Assignment = Leave out every picture and set down, exactly, the lines below from the one holding "如今沿街商铺的招租、装修、营" up to and including the one holding "ネットジャーナル Weeklyエコノミスト・レター 2023年5月9日号方向感を失った円相場~長引く円安の行方".
Content starts
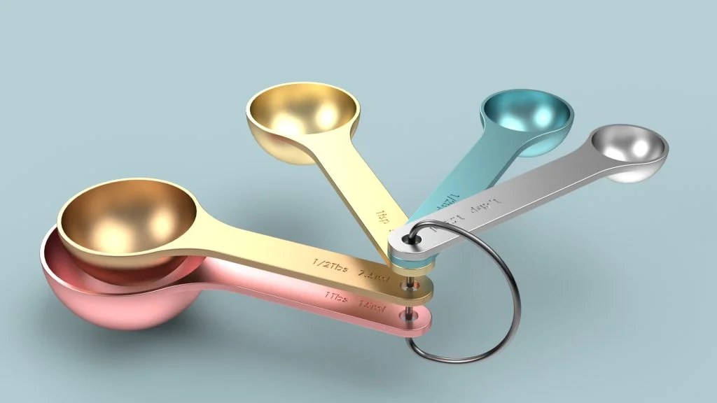 The spoons in this tutorial have been designed to the milliliter measurements but are also represented in tablespoon and teaspoons. You will also see how the outward shell tool and sketch text tool was utilized for the spoons scoop and how the measurement details were added to the spoon handles.
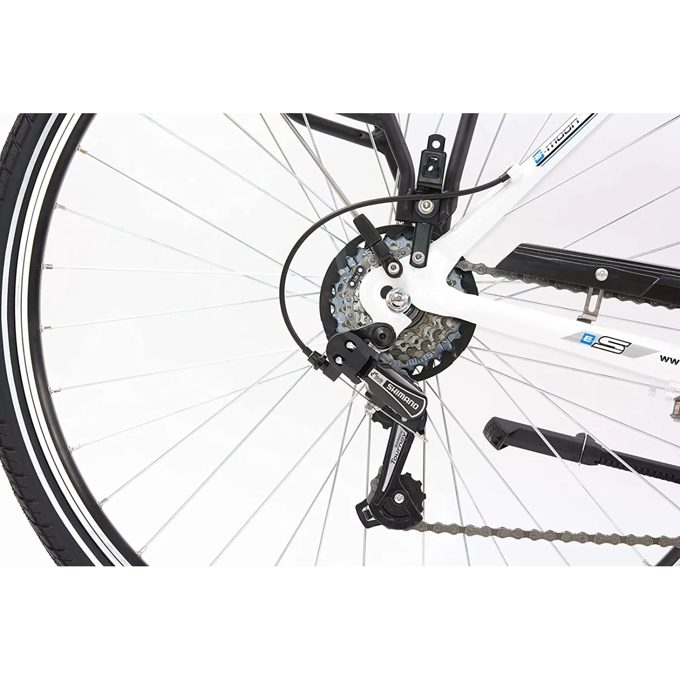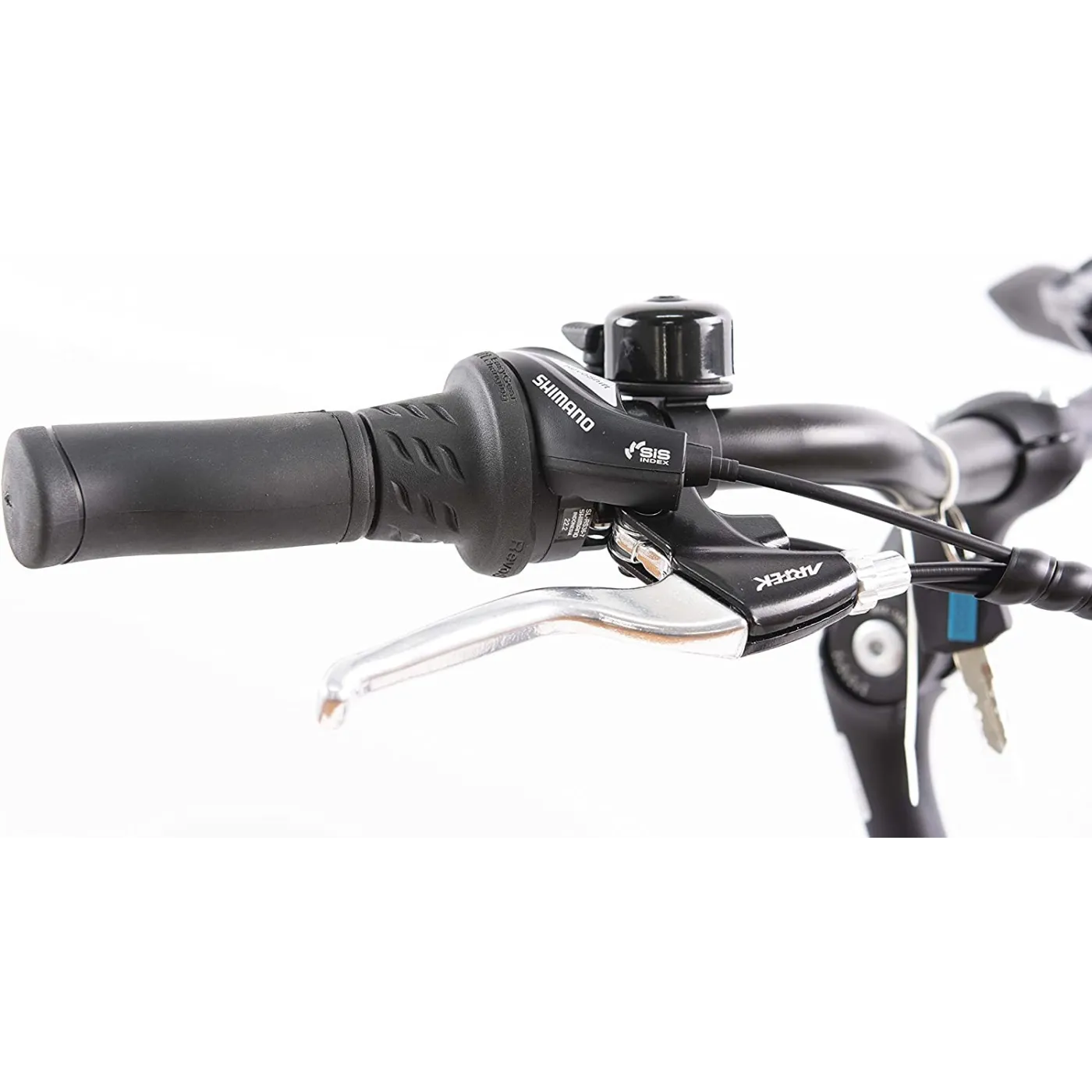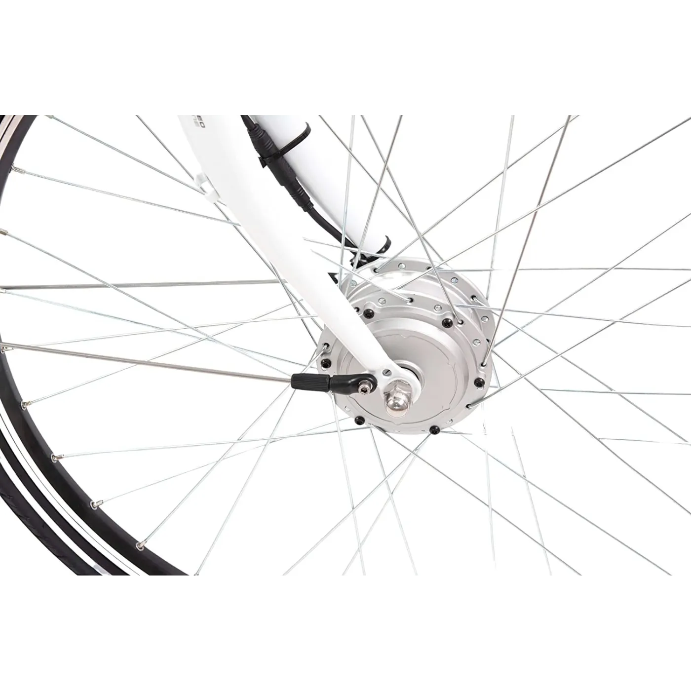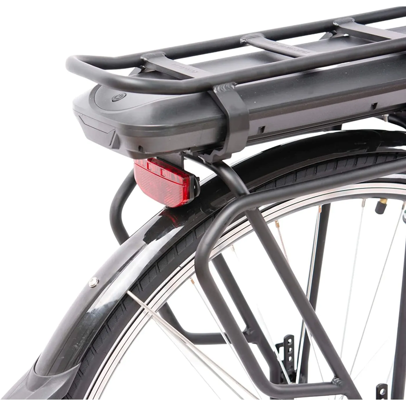 Silnik o mocy 250W oraz akumulator o pojemności 13Ah pozwala na pokonanie nawet do 100 km! (w zależności od wagi użytkownika, warunków i trybu jazdy). Bateria umieszczona jest pod bagażnikiem, dzięki czemu rower nie traci miejsca do transportu bagażu. Dodatkowym atutem jest komfortowa pozycja jazdy, którą zapewnia wygodne siodełko i szeroka kierownica. Rower wyposażony jest w 7-biegową przekładnię oraz dwa hamulce V-brake.
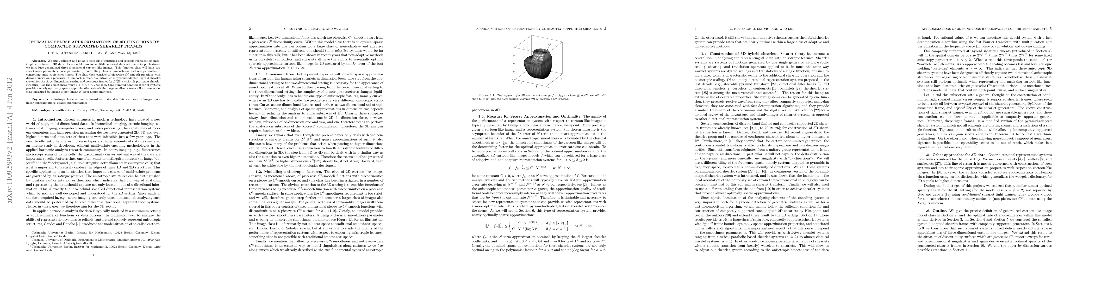 We study efficient and reliable methods of capturing and sparsely representing anisotropic structures in 3D data. As a model class for multidimensional data with anisotropic features, we introduce generalized three-dimensional cartoon-like images. This function class will have two smoothness parameters: one parameter \beta controlling classical smoothness and one parameter \alpha controlling anisotropic smoothness. The class then consists of piecewise C^\beta-smooth functions with discontinuities on a piecewise C^\alpha-smooth surface. We introduce a pyramid-adapted, hybrid shearlet system for the three-dimensional setting and construct frames for L^2(R^3) with this particular shearlet structure. For the smoothness range 1<\alpha =< \beta =< 2 we show that pyramid-adapted shearlet systems provide a nearly optimally sparse approximation rate within the generalized cartoon-like image model class measured by means of non-linear N-term approximations.
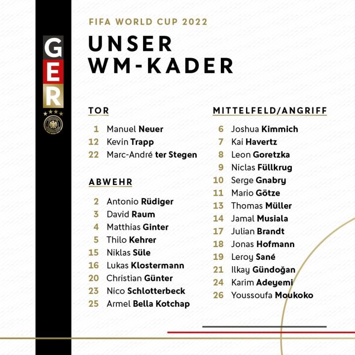 中场:6-基米希(拜仁慕尼黑)、14-穆西亚拉(拜仁慕尼黑)、8-格雷茨卡(拜仁慕尼黑)、21-京多安(曼城)、17-布兰特(多特蒙德)、11-格策(法兰克福)
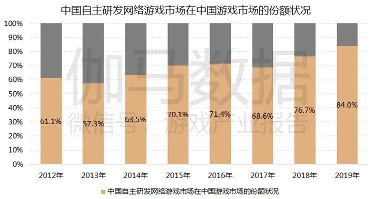 近年来,中国自主研发的游戏已经占据了国内市场的绝对主流,而且还在连年增长。伽马数据统计显示,2019年这个比例达到了惊人的84%。
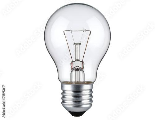 A clear light bulb with a visible filament, showcasing its classic design and illuminating potential.
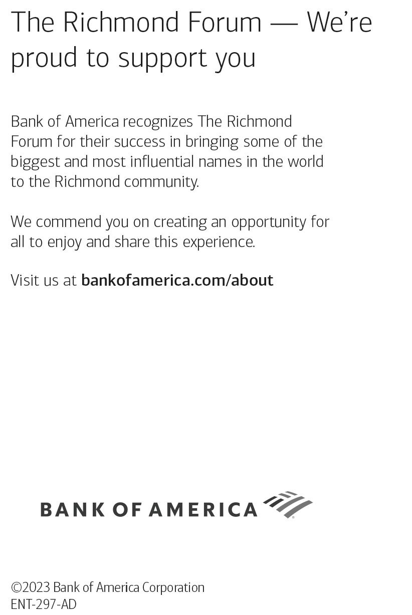 Explore our past speaker archive and share your Forum memories at richmondforum.org/speaker.
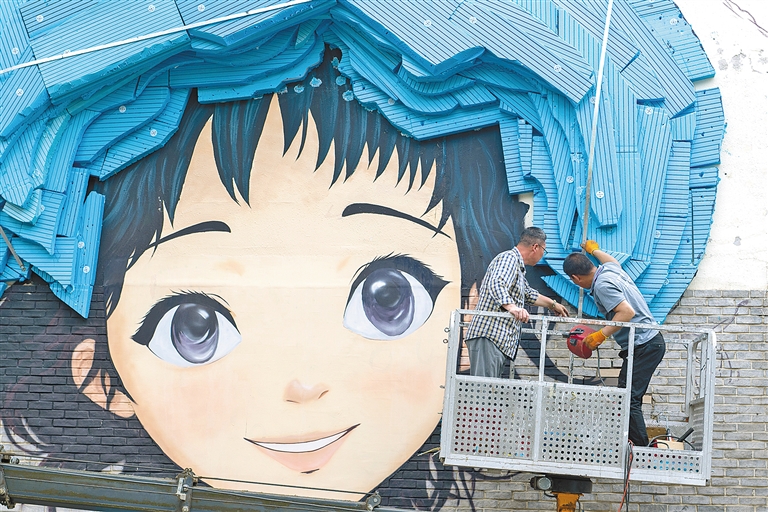 如今沿街商铺的招租、装修、营业都已有序推进,他们开始在民宅的墙面装饰上下功夫。今年5月,一场“色彩革命”让老街登上热搜——巨型创意墙体画为这里注入时尚前卫的艺术气息,与古城墙构成美学平衡。
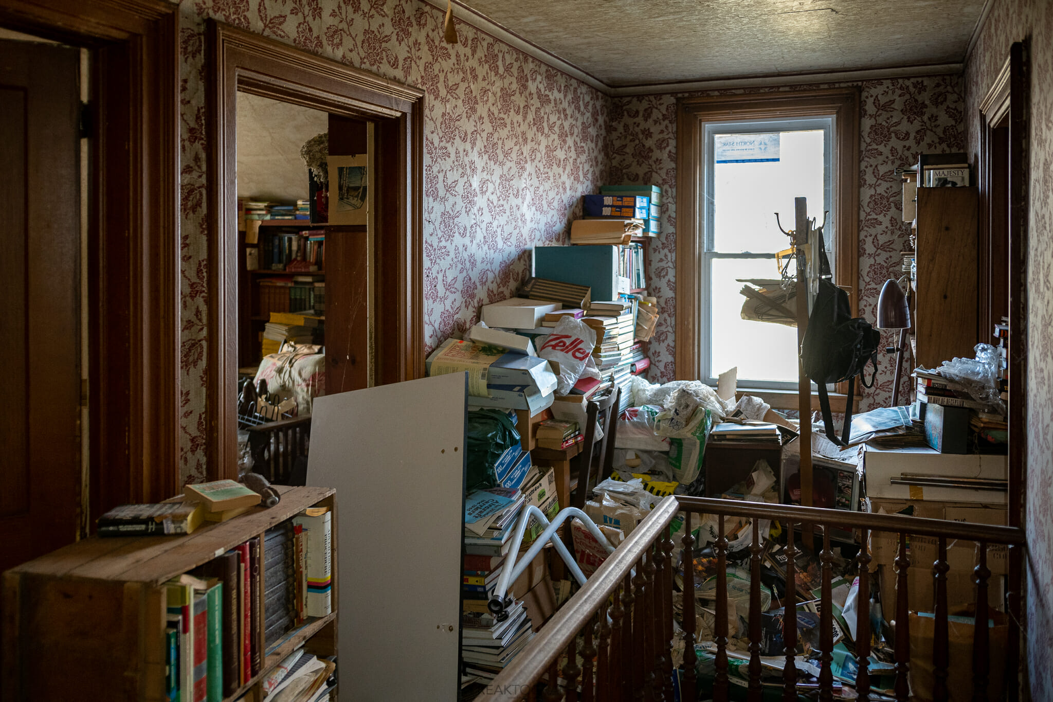 Stumbling my way across I came to the staircase to bring me upstairs, the stairs would be no different than the rest of the house with debris scattered on every step. Making my way up I find myself with 5 rooms up here to explore, each filled with more books, magazines, furniture, dressers, beds etc.
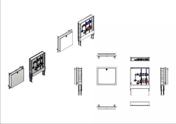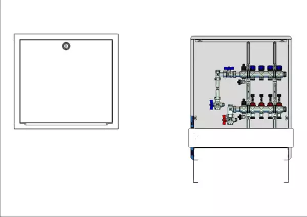 strawa FB-Anschlussstation H 63-WMZ 4 Hkr.,BxHxT: 515x725x122 mm, vert. AG. m. WMZ, Verteiler mit DFA 0-3 l/min + THV M30x1,5, Standard-UP-Schrank mit Frontblende in RAL 9016
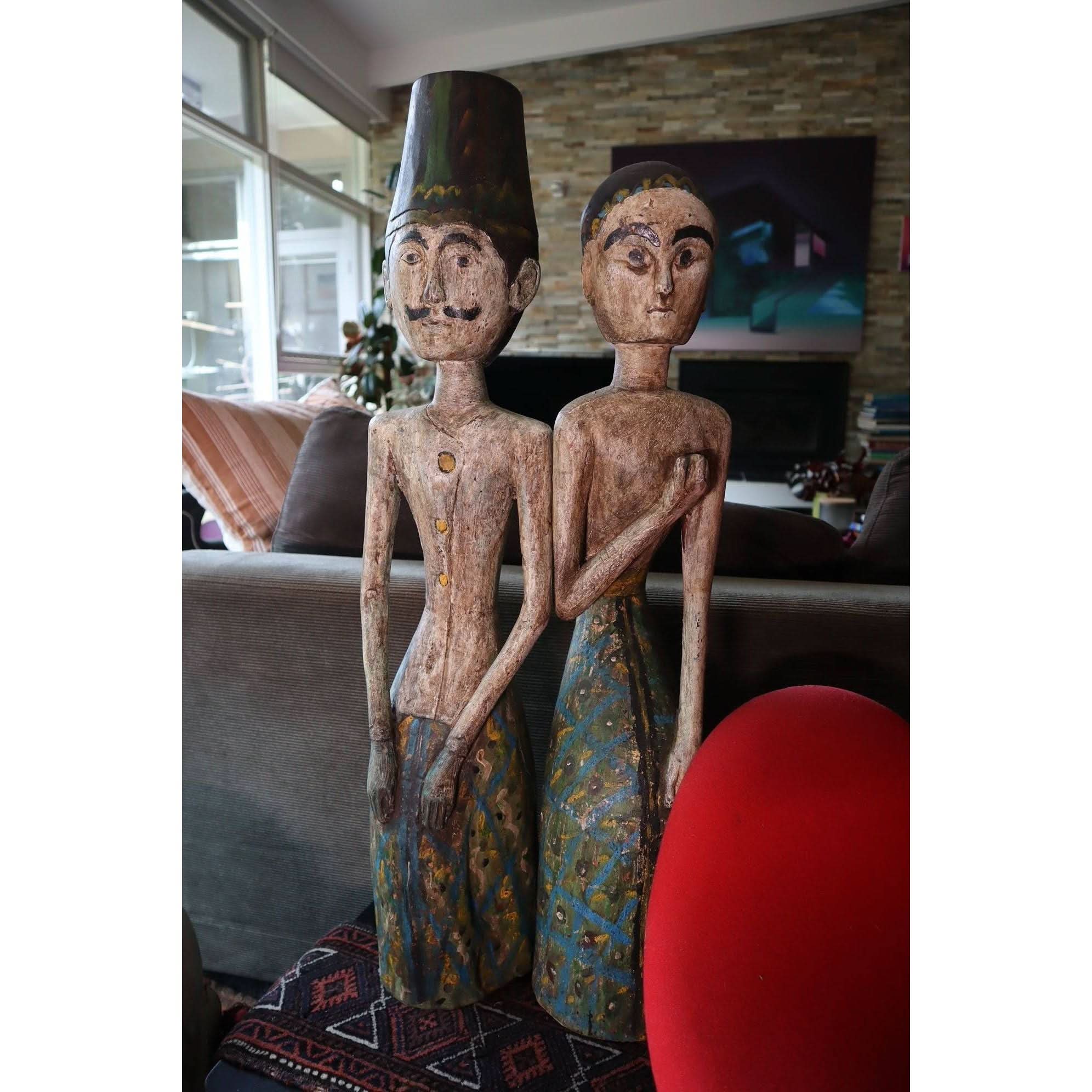 Loro Blonyo or the “inseparable couple’ are a carved wooden pair of central Javanese matrimonial figures that were historically revered and centrally placed within traditional Javanese homes. The figures hark back to pre-Islamic culture on Java and later were incorporated into the syncretic ritual practices of the Javanese.
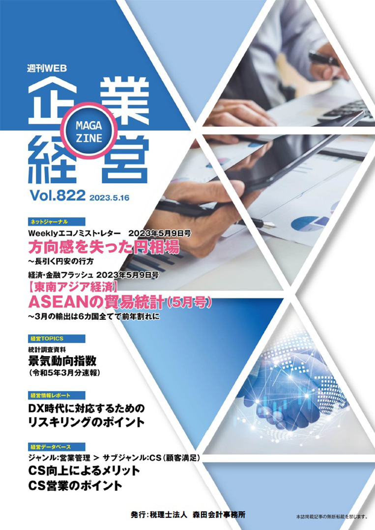 ネットジャーナル Weeklyエコノミスト・レター 2023年5月9日号方向感を失った円相場~長引く円安の行方 経済・金融フラッシュ 2023年5月9日号【東南アジア経済】ASEANの貿易統計(5月号)~3月の輸出は6カ […]
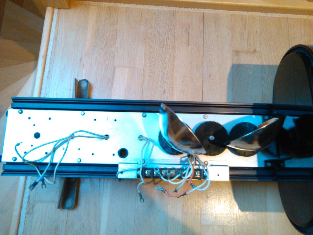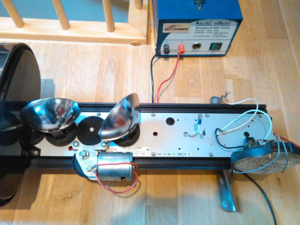 Bild 1: so sieht das ab Werk aus. Alle Pluskabel der Drehspiegel landen an einem Punkt bzw. werden dort mit Saft versorgt. Alles ist gelötet.
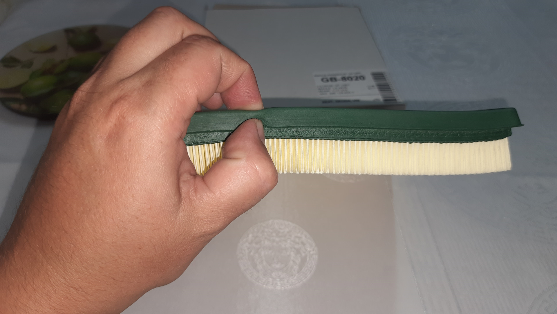Фильтр не гнется, а немного преломляет корпус по диагонали. На всех моих предыдущих машинах стоял фильтр именно в жестком исполнении. Был сильно удивлен когда увидел гибкий фильтра на "НЕМЦЕ". Ноя все же существуют в природе жесткие. Очень интересно как он себя поведет.
Content ends
Exercise answer =
 如今沿街商铺的招租、装修、营业都已有序推进,他们开始在民宅的墙面装饰上下功夫。今年5月,一场“色彩革命”让老街登上热搜——巨型创意墙体画为这里注入时尚前卫的艺术气息,与古城墙构成美学平衡。
 Stumbling my way across I came to the staircase to bring me upstairs, the stairs would be no different than the rest of the house with debris scattered on every step. Making my way up I find myself with 5 rooms up here to explore, each filled with more books, magazines, furniture, dressers, beds etc.
 strawa FB-Anschlussstation H 63-WMZ 4 Hkr.,BxHxT: 515x725x122 mm, vert. AG. m. WMZ, Verteiler mit DFA 0-3 l/min + THV M30x1,5, Standard-UP-Schrank mit Frontblende in RAL 9016
 Loro Blonyo or the “inseparable couple’ are a carved wooden pair of central Javanese matrimonial figures that were historically revered and centrally placed within traditional Javanese homes. The figures hark back to pre-Islamic culture on Java and later were incorporated into the syncretic ritual practices of the Javanese.
 ネットジャーナル Weeklyエコノミスト・レター 2023年5月9日号方向感を失った円相場~長引く円安の行方 経済・金融フラッシュ 2023年5月9日号【東南アジア経済】ASEANの貿易統計(5月号)~3月の輸出は6カ […]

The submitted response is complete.